How to Manage Urinary Incontinence and Improve Your Quality of Life

More than 25 million adults in the United States are living with urinary incontinence, a condition that causes involuntary loss of urine with physical exertion (e.g. coughing, sneezing or exercising). It affects 25% of young women, up to 57% of middle-aged women, and 75% of older women.

For many, urinary incontinence (UI) is an embarrassing condition that they’d rather not talk about. But there are many products and therapies out there that can help improve the quality of life of those suffering from this condition.

Types of Urinary Incontinence

The first step in improving your quality of life is determining the type of UI you are dealing with. UI falls into four main categories:

  • Urge incontinence, which is sometimes called overactive bladder. You feel the urge to urinate, but are unable to make it to the bathroom in time.
  • Stress incontinence – the most common form of UI. Stress UI causes leakage when there is pressure on the bladder, such as when you cough, sneeze, exercise or lift heavy objects.
  • Functional incontinence, which is common in individuals with mobility issues. It occurs when you are unable to make it to the bathroom in time.
  • Overflow incontinence, which occurs when you are unable to empty your bladder completely. As a result, the urine overflows and the body produces new urine.

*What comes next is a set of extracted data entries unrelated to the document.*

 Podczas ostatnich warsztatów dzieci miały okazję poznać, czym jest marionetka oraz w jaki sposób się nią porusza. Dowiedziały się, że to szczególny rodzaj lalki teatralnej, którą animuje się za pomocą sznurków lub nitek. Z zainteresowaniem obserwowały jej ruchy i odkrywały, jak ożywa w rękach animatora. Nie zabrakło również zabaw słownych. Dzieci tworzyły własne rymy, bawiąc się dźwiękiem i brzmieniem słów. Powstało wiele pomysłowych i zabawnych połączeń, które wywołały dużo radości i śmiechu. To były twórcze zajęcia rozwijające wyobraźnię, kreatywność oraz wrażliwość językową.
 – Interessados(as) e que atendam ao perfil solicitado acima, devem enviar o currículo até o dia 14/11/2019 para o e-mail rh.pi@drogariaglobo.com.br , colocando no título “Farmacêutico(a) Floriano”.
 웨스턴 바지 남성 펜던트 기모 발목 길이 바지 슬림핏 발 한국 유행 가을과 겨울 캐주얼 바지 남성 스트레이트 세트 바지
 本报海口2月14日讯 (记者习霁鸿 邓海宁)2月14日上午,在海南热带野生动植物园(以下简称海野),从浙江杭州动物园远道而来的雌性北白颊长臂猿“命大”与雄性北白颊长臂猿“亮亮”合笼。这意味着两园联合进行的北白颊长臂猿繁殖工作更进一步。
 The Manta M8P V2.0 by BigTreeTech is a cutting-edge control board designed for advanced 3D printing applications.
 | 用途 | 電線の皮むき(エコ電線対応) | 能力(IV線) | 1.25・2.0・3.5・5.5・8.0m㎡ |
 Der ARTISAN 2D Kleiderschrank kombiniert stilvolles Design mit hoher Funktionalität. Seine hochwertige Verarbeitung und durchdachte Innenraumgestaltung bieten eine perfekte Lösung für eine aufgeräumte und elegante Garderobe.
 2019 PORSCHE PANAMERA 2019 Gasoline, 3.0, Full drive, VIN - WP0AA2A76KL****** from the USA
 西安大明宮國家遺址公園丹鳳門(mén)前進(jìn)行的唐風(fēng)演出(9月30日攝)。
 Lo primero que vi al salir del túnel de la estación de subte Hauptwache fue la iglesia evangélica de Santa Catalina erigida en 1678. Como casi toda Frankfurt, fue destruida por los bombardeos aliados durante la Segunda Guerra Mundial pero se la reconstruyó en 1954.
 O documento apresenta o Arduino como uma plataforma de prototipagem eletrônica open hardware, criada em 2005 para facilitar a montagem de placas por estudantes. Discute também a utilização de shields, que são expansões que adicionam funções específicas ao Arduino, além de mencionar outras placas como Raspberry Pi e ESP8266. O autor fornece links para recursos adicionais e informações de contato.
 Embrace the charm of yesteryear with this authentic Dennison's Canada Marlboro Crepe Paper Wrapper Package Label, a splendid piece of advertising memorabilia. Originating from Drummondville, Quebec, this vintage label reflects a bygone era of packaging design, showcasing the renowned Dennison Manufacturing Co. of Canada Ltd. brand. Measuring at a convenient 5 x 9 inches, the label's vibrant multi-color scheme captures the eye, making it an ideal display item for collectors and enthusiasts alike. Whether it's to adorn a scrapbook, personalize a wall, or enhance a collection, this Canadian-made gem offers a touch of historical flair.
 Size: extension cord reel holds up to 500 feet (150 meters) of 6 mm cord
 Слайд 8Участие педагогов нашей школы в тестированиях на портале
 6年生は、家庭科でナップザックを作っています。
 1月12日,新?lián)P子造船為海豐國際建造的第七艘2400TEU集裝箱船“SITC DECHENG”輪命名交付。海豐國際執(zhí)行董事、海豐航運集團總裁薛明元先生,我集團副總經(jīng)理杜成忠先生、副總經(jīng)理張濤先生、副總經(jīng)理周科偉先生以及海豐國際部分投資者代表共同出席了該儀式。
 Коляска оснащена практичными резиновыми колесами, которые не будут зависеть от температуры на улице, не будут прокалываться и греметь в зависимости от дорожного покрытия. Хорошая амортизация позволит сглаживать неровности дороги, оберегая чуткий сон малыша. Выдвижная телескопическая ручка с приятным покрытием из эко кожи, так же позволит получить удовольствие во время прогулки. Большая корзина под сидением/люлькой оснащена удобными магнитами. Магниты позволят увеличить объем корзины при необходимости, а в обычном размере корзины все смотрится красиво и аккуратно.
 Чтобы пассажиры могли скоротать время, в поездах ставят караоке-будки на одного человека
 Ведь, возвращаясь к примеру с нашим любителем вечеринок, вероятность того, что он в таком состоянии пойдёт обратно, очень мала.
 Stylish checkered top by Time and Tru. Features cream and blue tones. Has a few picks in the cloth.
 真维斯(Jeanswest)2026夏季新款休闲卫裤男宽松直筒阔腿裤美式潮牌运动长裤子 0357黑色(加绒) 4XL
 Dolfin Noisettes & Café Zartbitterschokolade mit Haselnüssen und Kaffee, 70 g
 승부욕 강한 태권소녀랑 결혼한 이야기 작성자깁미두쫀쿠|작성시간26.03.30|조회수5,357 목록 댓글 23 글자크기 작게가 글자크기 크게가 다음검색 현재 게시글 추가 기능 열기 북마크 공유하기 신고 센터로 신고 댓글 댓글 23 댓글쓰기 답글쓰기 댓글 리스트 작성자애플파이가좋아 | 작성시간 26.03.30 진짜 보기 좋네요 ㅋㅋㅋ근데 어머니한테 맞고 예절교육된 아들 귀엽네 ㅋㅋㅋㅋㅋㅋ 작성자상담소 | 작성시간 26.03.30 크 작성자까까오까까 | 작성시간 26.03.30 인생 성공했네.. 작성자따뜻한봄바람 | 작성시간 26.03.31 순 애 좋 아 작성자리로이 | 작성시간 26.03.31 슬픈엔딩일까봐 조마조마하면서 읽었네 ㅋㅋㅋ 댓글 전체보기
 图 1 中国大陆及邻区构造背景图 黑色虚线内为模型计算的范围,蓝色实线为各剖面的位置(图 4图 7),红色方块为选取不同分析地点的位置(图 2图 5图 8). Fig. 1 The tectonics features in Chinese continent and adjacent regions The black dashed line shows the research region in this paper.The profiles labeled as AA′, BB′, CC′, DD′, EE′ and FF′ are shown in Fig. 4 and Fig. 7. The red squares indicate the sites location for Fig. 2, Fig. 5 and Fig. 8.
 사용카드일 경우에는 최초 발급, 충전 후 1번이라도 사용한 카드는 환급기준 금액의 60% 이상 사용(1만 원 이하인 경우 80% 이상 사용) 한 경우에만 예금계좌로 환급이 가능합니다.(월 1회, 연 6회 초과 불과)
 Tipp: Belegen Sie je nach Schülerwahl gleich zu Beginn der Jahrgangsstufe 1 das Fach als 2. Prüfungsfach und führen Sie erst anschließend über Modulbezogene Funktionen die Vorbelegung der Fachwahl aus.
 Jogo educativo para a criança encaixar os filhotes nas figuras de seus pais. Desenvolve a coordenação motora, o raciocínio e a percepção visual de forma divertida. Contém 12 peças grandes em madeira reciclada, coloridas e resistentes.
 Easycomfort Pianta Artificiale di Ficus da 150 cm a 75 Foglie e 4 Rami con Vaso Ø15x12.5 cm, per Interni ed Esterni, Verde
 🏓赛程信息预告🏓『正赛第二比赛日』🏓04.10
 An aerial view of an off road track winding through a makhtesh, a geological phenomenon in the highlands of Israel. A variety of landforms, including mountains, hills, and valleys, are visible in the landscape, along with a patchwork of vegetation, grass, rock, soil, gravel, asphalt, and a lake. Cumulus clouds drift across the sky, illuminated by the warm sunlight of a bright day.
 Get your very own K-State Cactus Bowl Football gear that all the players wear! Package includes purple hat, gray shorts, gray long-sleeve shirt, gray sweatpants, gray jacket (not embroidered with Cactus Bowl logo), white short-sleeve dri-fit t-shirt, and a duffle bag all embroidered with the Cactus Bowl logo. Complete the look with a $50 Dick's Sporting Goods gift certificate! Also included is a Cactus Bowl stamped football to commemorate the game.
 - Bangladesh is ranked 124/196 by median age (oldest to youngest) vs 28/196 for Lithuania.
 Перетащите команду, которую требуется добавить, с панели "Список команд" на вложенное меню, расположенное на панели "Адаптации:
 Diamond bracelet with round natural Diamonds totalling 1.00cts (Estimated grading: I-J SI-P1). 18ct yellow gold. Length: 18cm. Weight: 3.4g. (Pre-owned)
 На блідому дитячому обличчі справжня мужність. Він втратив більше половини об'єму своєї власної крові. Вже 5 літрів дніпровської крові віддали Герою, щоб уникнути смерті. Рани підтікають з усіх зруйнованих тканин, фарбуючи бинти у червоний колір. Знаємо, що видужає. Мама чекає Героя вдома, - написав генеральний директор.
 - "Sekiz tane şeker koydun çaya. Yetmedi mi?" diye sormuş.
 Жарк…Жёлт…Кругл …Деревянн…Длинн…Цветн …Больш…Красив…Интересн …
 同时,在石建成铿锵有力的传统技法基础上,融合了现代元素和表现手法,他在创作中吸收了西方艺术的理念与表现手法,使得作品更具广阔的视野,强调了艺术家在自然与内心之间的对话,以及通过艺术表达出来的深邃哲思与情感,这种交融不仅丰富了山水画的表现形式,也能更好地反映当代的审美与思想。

Stress urinary incontinence is the most common form of UI, and it can be caused by a number of things, including:

  • Childbirth
  • Age
  • Chronic bladder inflammation
  • Nerve damage
  • Enlarged prostate (men)

How to Manage UI

Your doctor can help you find the best treatment option for your needs, but it helps to understand what’s available to you.

If you think you have UI and haven’t been diagnosed, see your doctor. This is a very common condition, and 80% can be either cured or improved.

UI Products

UI products will immediately improve your quality of life, and there are a number of options available.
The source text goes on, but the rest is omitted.